Timing comparison and speed-ups achieved by NBD. (a) Accumulated running time over problem instances for NBD and DP, respectively. (b) Factor of speed-up of NBD relative to DP, as a function of computation time spent for DP pricing. Note that in general the factor of speed-up grows as the problem gets harder for DP.

1. 1.

   We set \(\phi _{d_1d_2}=\infty \) for each pair of unique neck detections \(d_1,d_2\); as a side effect this improves inference speed also since we need not explore the entire power set of neck detections.

2. 2.

   We hand set \(\varOmega \) to a single value for the entire data set.

3. 3.

   We limit the number of states of a given part/node to 50,000. We construct this set as follows: we begin with the state corresponding to zero detections included, then add in the group of states corresponding to one detection included; then add in the group of states corresponding to two detections included etc.
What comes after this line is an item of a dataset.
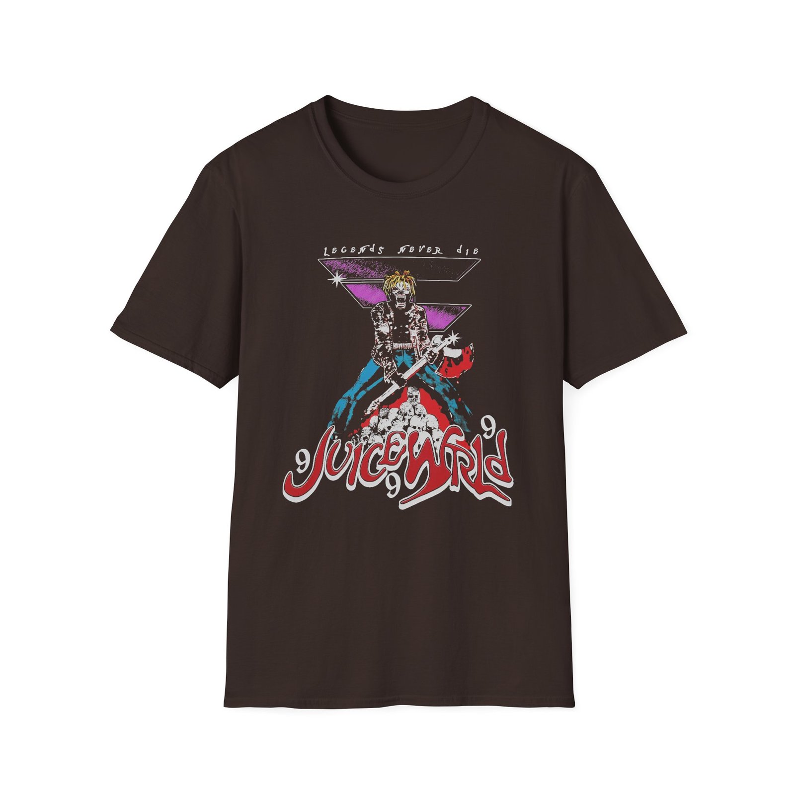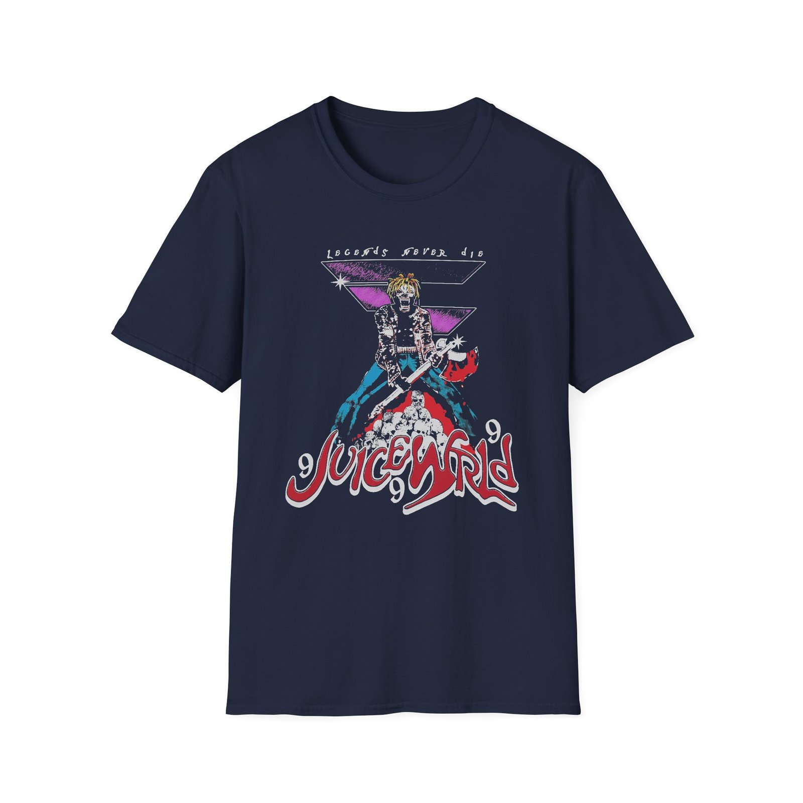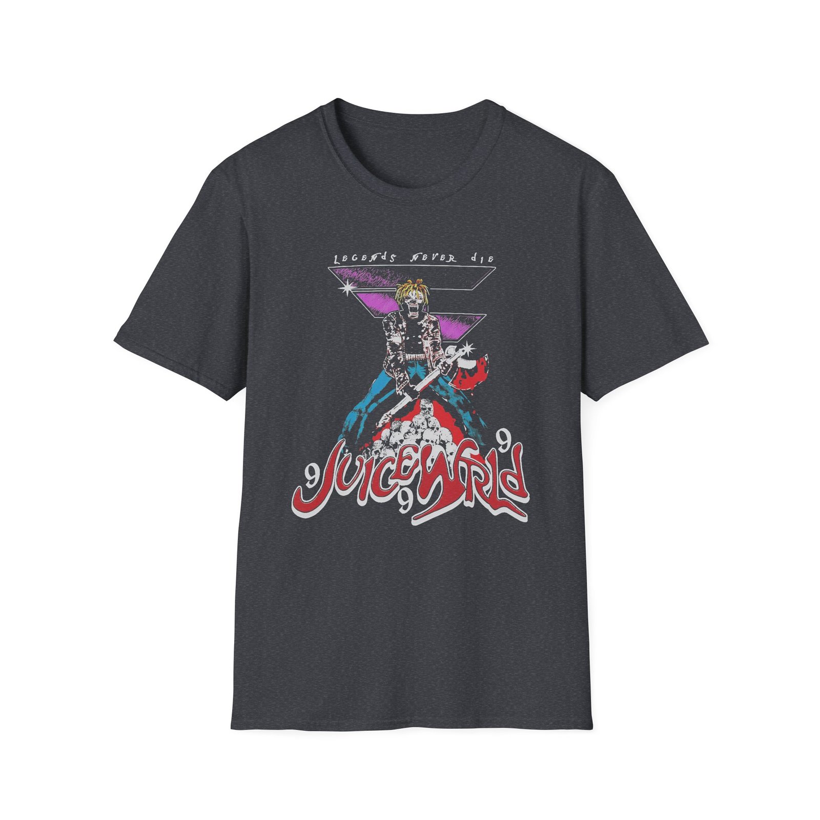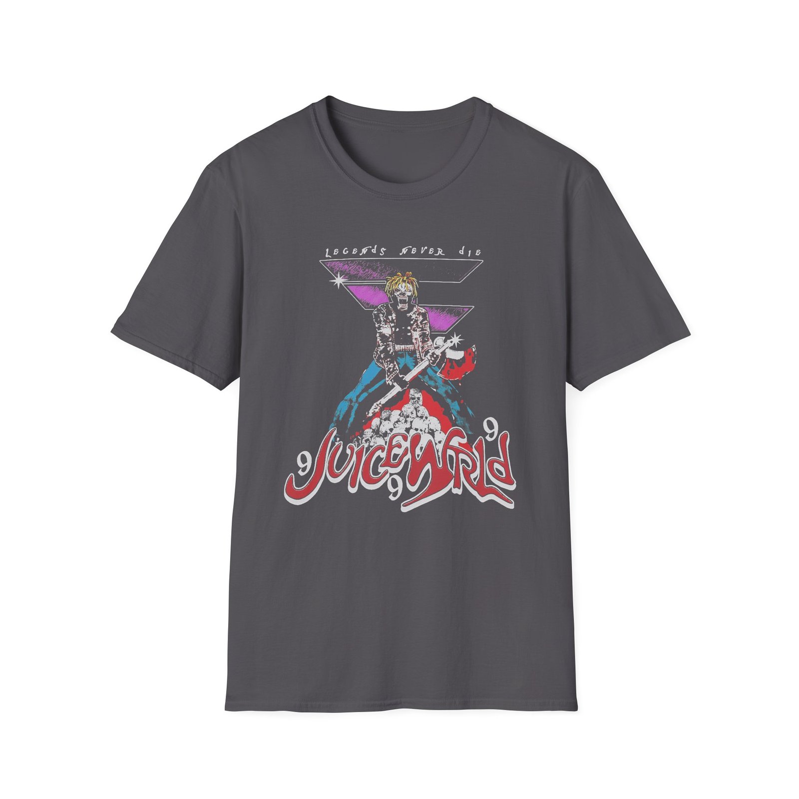 The Legends Never Die Juice Champion unisex soft-style t-shirt puts a new spin on casual comfort. Made from very soft materials, this tee is 100% cotton for solid colors. Heather colors and sports grey include polyester. The shoulders have twill tape for improved durability. There are no side seams. The collar is made with ribbed knitting to prevent curling damage.

If adding a group would have the state space exceed 50,000 states for the variable we don’t add the group and terminate.

We compare solutions found by NBD and DP at each step of ICG; for all problem instances and all optimization steps, NBD obtains exactly the same solutions as DP (up to a tie in costs). Comparing total time spent doing NBD vs DP across problem instances we found that NBD is 44\({\times }\) faster than DP, and can be up to 500\({\times }\) faster on extreme problem instances. Comparison of accumulated running time used by NBD and DP over all 418 instances are shown in Fig. 2. We observe that the factor speed up provided by NBD increases as a function of the computation time of DP.

With regards to cost we observe that the integer solution produced over \(\hat{\mathcal {P}}\) is identical to the LP value in over 99% of problem instances thus certifying that the optimal integer solution is produced. For those instances on which LP relaxation fails to produce integer results, the gaps between the LP objectives and the integer solutions are all within 1.5% of the LP objectives. This is achieved by solving the ILP in Eq. 2 over \(\hat{\mathcal {P}}\).

Table 1. We display average precision of our approach versus [10]. Running times are measured on an Intel i7-6700k quad-core CPU.

For the sake of completeness, we also report MPPE accuracy in terms of average precisions (APs) and compare it against a state-of-the-art primal heuristic solver [10] (Table 1). We note that compared to [10], we excel in hard-to-localize parts such as wrists and ankles, but fails at parts close to neck such as head and shoulder; this could be a side effect of the fact that costs from [8] are trained on power set of all detections including neck, thus pose associated with multiple neck detections could be a better choice for certain cases. In a more robust model, one could make a reliable head/neck detector, restricting each person to have only one head/neck. Qualitative results are shown in Fig. 3.

Fig. 3.

Example output of our system.

7 Conclusion

We have described MPPE as MWSP problem which we address using ICG with corresponding pricing problem solved by NBD. For over 99% of cases we find provably optimal solutions, which is practically important in domains where knowledge of certainty matters, such as interventions in rehabilitation. Our procedure for solving the pricing problem vastly outperforms a baseline dynamic programming approach. We expect that NBD will find many applications in machine learning and computer vision, especially for solving dynamic programs with over high tree-width graphs. For example we could formulate sub-graph multi-cut tracking [16] as a MWSP problem solved with ICG with pricing solved via NBD. Moreover, for general graphs that main contain cycles, our NBD is directly applicable with dual decomposition algorithms [9, 18], which decompose the graph into a set of trees that are solvable by dynamic programs.